Ubożenie klasy średniej jest główną przyczyną tego, że w Ameryce dramatycznie w ostatnich latach wzrosły nierówności społeczne, które są na takim samym poziomie jak przed Wielkim Kryzysem lat 30. ubiegłego wieku. Czterystu najbogatszych Amerykanów zgromadziło większe majątki niż połowa wszystkich obywateli USA, czyli ponad 150 mln ludzi. Dlatego Warren Buffett, drugi na liście najbogatszych, od dłuższego czasu publicznie dziwi się, że jego sekretarka płaci podatki według wyższych stawek niż on sam. Popiera ideę prezydenta Obamy, systematycznie blokowaną przez Republikanów, żeby podnieść podatki milionerom.

W generalnie poszkodowanej klasie średniej najbardziej pokrzywdzeni są ludzie w średnim wieku (35-44 lata), którzy najczęściej tuż przed kryzysem kupowali na kredyt domy po wyśrubowanych cenach. Ich majątki skurczyły się, jak obliczył Fed, nawet o 54 proc. Jeszcze więcej stracili przeciętniacy z zachodu i południa USA, gdzie ceny nieruchomości spadły najbardziej.

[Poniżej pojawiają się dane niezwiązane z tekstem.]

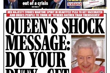The Queen evoked a “wartime spirit” in what the Daily Express calls a “shock message” encouraging people to get the COVID vaccine.
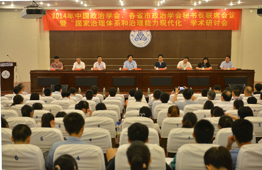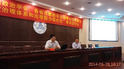 2014628,由中国政治学会主办、教育部高等公司人文社会科学重点研究基地中国共产党革命精神与文化资源研究中心承办的中国政治学会、各省市政治学会秘书长联席会议暨“国家治理体系和治理能力现代化”学术研讨会在赣南师范公司图书馆科技报告厅召开。中国政治学会、18个省市政治学会的代表及中国社会科公司、Bevictor伟德、北京师范大学、东北师范大学、天津师范大学、郑州大学、深圳大学、云南大学、黑龙江大学、东北大学、华东政法大学、内蒙古大学、河北大学、北京伟德体育、外交公司、上海市委党校、江西师范大学、南昌航空大学、赣南师范公司等19所高校及科研机构的50余名专家学者出席会议。公司马雪松副教授作为吉林省政治学会代表应邀参加此次学术研讨会,并作大会主题发言。
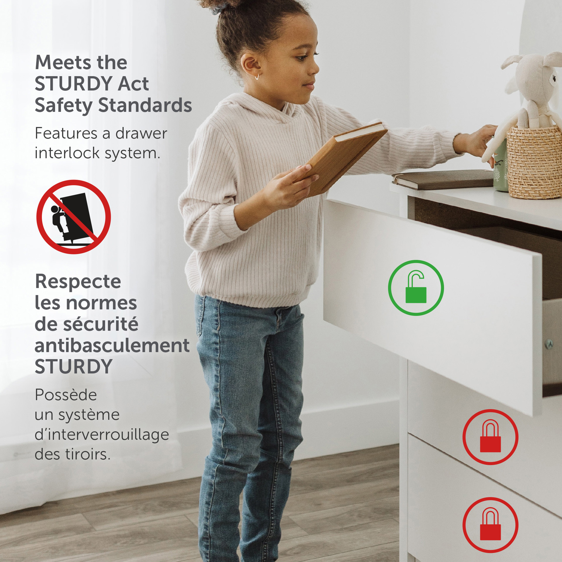 Your family’s well-being is important to us. That’s why our clothing storage furniture complies with the anti-tip safety standards required by the STURDY Act (Stop Tip-overs of Unstable, Risky Dressers on Youth) and includes a drawer interlock system that allows only one row of drawers to open at a time.
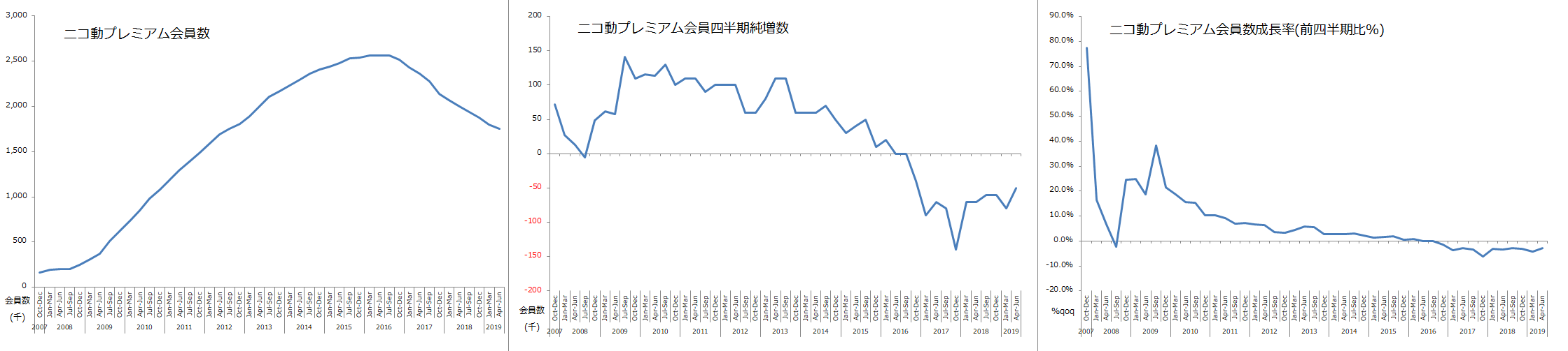 そろそろ興味は失せてるし今回の決算はそれ以外のネタが強いんだとは思いますが、恒例のニコ動のプレミアム会員数の動向など。
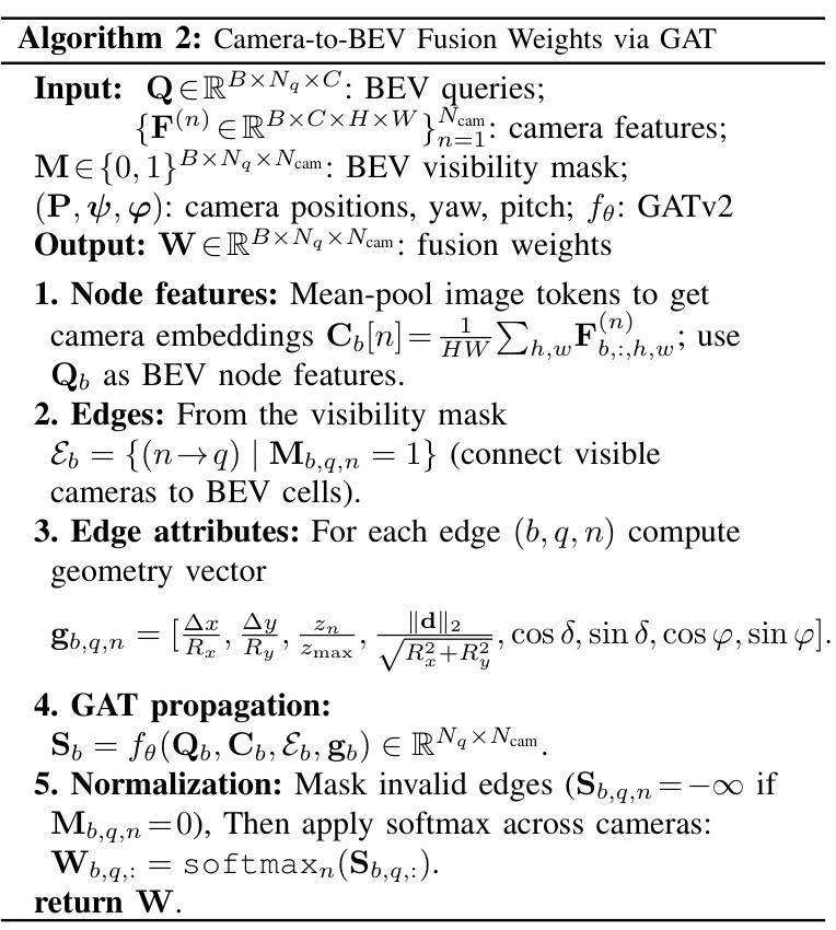 - 图增强融合模块利用几何关系和潜在视觉线索进行多视角图像特征融合。

Ludzie wypadający z klasy średniej zwiększają liczbę najbiedniejszych. Już 46 mln Amerykanów korzysta z darmowej pomocy żywnościowej, tymczasem w roku 2007 korzystało z niej niecałe 30 mln ludzi. Dlatego Republikanie często złośliwie przezywają Baracka Obamę “prezydentem bonów żywnościowych”.

Tylko 52 proc. Amerykanów było w stanie cokolwiek oszczędzić w 2010 roku (a np. dziesięć lat wcześniej oszczędzało ponad 60 proc.). Przy czym motywy oddają ponure nastroje – o ile wcześniej ludzie zbierali na dobrą szkołę dla dzieci czy emeryturę, to ostatnio coraz częściej odkładają na czarną godzinę.

Publikacja raportu Fed zbiegła się w czasie z gafą prezydenta Obamy, który w piątek powiedział, że “sektor prywatny ma się dobrze”, z czego zresztą kilka godzin później się tłumaczył. Ale było za późno – jedno pochopnie wypowiedziane i wyrwane z kontekstu zdanie żyje własnym życiem od kilku dni i zapewne będzie prześladować Obamę do wyborów w listopadzie. Złośliwi prawicowi blogerzy i radiowcy twierdzą, że Obama poznaje Amerykę głównie na przyjęciach z gwiazdami Hollywood i muzyki pop, które pomagają mu zbierać pieniądze na kampanię wyborczą.

Do ataku ruszył republikański kandydat Mitt Romney, któremu również – ze względu na 250 mln majątku – zarzuca się, że oderwany jest od rzeczywistości. – Amerykanie przeżywają ciężki czas. Zamiast spotykać się ze sponsorami, prezydent powinien przejechać się po kraju, porozmawiać z ludźmi, zobaczyć, co się tu dzieje – mówił wczoraj Romney.